A blog dedicated to the development of Catholic legal theory.
Affiliated with the Program on Church, State & Society at Notre Dame Law School.

Wednesday, August 12, 2015

Supreme Court of Ohio Board of Professional Conduct issues advisory opinion imposing duty on judges to perform same-sex marriages

The Board of Professional Conduct for Ohio lawyers and judges has issued an advisory opinion interpreting the relevant authorities within the Board's authority to prohibit judges from refusing to perform marriages for same-sex couples.

The weakness of the opinion's reasoning is evident near the outset, starting with the paragraph purporting to bring the issues addressed within the Board's jurisdiction:

In Ohio, municipal, county, and probate judges are specifically authorized by statute to perform civil marriage ceremonies. R.C. 1907.18(C), 1901.14(A)(1), 2101.27, and 3101.08. Whether judges are mandated or authorized by the Ohio Revised Code to perform civil marriages is a legal question and beyond the scope of the advisory opinion authority granted to the Board by the Supreme Court of Ohio. Gov. Bar R. V, Section 2(D), BPC Reg. 15(B)(1). 1 However, the General Assembly has granted judges the authority to perform marriages because of the unique public office that they hold. When a judge performs a civil marriage ceremony, the Board concludes that the judge is performing a judicial duty and thus is required to follow the Code of Judicial Conduct in the performance of that duty.

Notice how this trades on different meanings of "judicial duty" at different times. It starts by saying that judges are "authorized" by Ohio statute law to perform marriages. It then disclaims authority to decide whether Ohio statute law actually mandates judges to perform marriages, or instead simply authorizes them to do so (the position staked out in the first sentence). The opinion then says that Ohio statute law grants judges authority to perform civil marriages "because of the unique public office that they hold." And then the opinion brings the decision whether to perform a civil marriage within the scope of the Code of Judicial Conduct by asserting that the judge is performing a judicial duty when a judge performs a civil marriage ceremony. Notice, though, that these are two different moments in time. The decision whether to perform a civil marriage ceremony precedes the performance of a civil marriage ceremony. Although the opinion disclaims authority to decide whether judges are mandated or merely authorized to perform any marriages, the opinion ends up determining the judges are, indeed, mandated to perform certain marriages. 

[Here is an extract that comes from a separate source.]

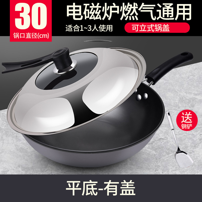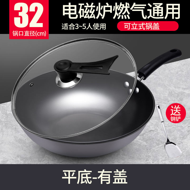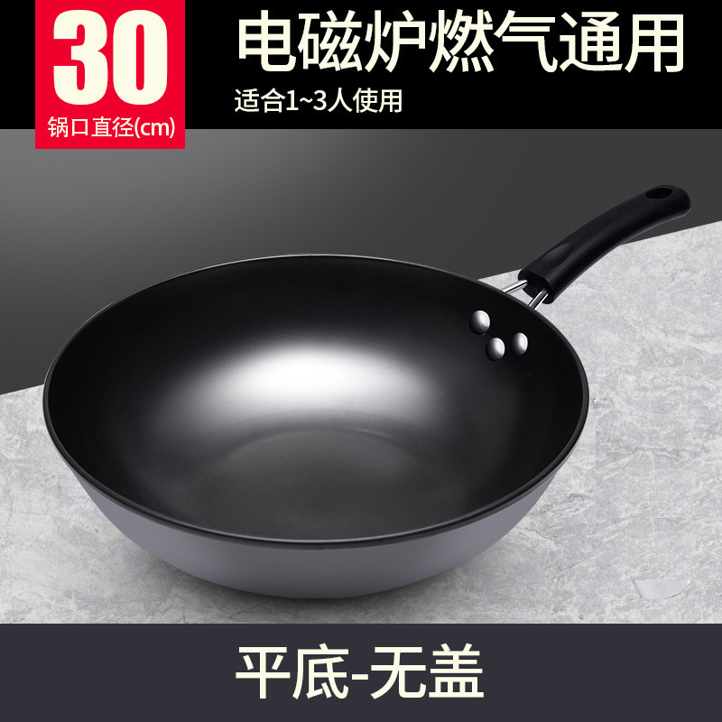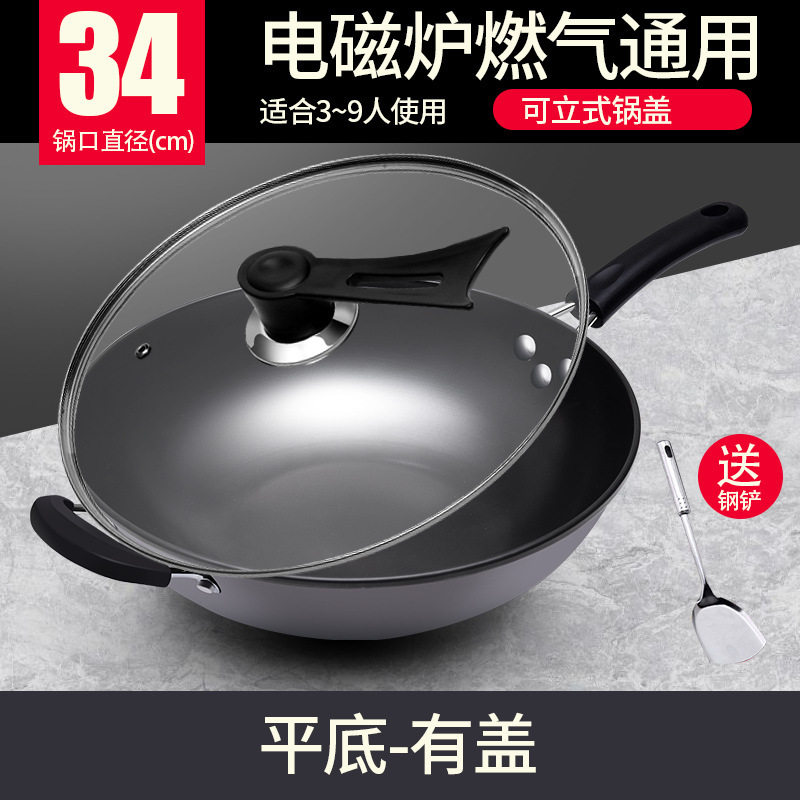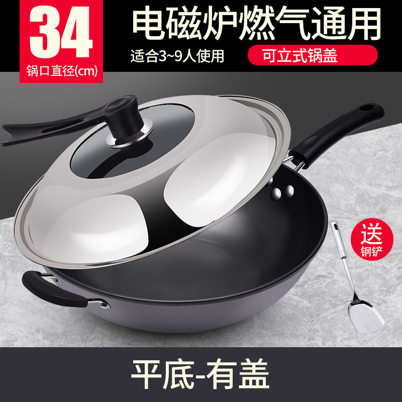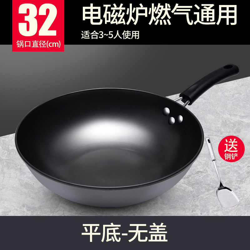철 냄비 구식 가정용 비 스틱 Wok Wok 코팅되지 않은 가스 스토브 Wok Wok 유도 쿠커 플랫 바닥 자오에 적합스토어 가기

And this is just the beginning of the opinion. It gets worse when it goes far beyond the holding of Obergefell in concluding, for example, that "[a] judge may reasonably be perceived as having a personal bias or prejudice based on sexual orientation if he or she elects to perform opposite-sex marriages, but declines to perform same-sex marriages."

The opinion also reflects ignorance of the actual role of public opinion in the creation of new constitutional law these days when it brings in the requirement that judges "apply the law without regard to whether the law is 'popular or unpopular with the public, the media, government officials, or the judge’s friends or family.'" Can anyone say with a straight face that Justice Kennedy, the author of Obergefell v. Hodges, himself applied the law without regard to all these factors? Aside from judges' personal, moral, or religious beliefs about marriage, one good legal reason to avoid extending Obergefell beyond its holding is precisely to limit the damage done to the law when judges shape it to better conform with changed public opinion, as Justice Kennedy and his colleagues in the majority did in Obergefell.